You can't argue that the stock market has been accurately telling us since March 9th, 2009, that the US economy was going to rebound from the worst recession and the scariest economy since the 1929-1932 Depression.
Up until this time, the "market" has been pretty much driven by the rebound in corporate profits and the improvement in the economy. On Friday we got the employment report, and even though it was better than expected, the "market" retreated. It is interesting that also on Friday, the price of oil moved up - again - as the speculation and the Middle Eastern rebellions have impacted the news.

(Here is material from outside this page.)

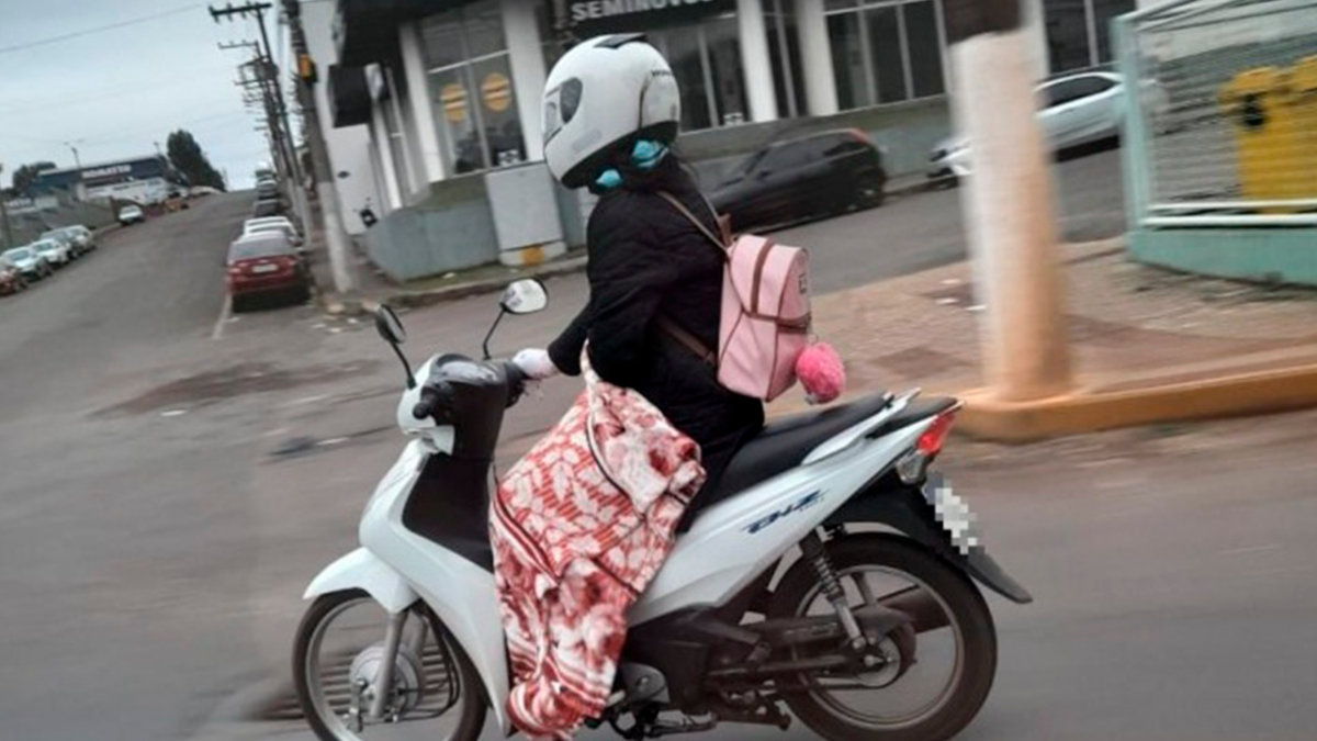 A mulher, que não foi identificada, pilotava a moto na avenida Fernando Machado, no bairro Bela Vista. Ela estava com as pernas cobertas por um cobertor rosa enquanto pilotava uma Honda/Biz segurando o guidão com apenas uma mão. Na imagem também é possível ver que a mulher está de luva.

The price of oil hit a low of $35 a barrel in December 2008 as the stock market was collapsing, and then it moved back up trying to settle in around $90 a barrel as the supply and demand numbers were looking to be in balance. But starting in November of last year, the price of oil began a move upward that escalated sharply last week above $100 a barrel.

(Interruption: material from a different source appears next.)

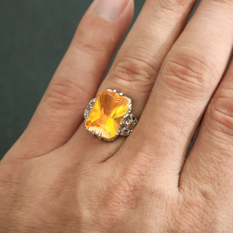 Винтажные кольца с цирконом MFY, с желтыми камнями, прямоугольные, ...

It is very interesting that for the first time, the relative strength of the S&P 500 (the market) has had a sharp drop "relative" to the price of oil. This suggests that for the first time since January 2010, the price of oil has to be considered a drag for the market.
So now, how do we relate the price of oil and the battles raging in the Middle East? We don't have a battle component to our asset allocation process. We also don't have a political, earthquake, flood, etc. component. In effect, we believe that Psychology, Monetary and Valuation measure the effect of such variables, but in a quantifiable manner. And today, this is what our model is telling us.
So, our message today is to shield yourself from the horrendous emotional pressures trying to drive you into the bomb shelter. We need a pause to refresh in the short-term, but trying to play these corrections is a fool's game when the long-term potential is so promising.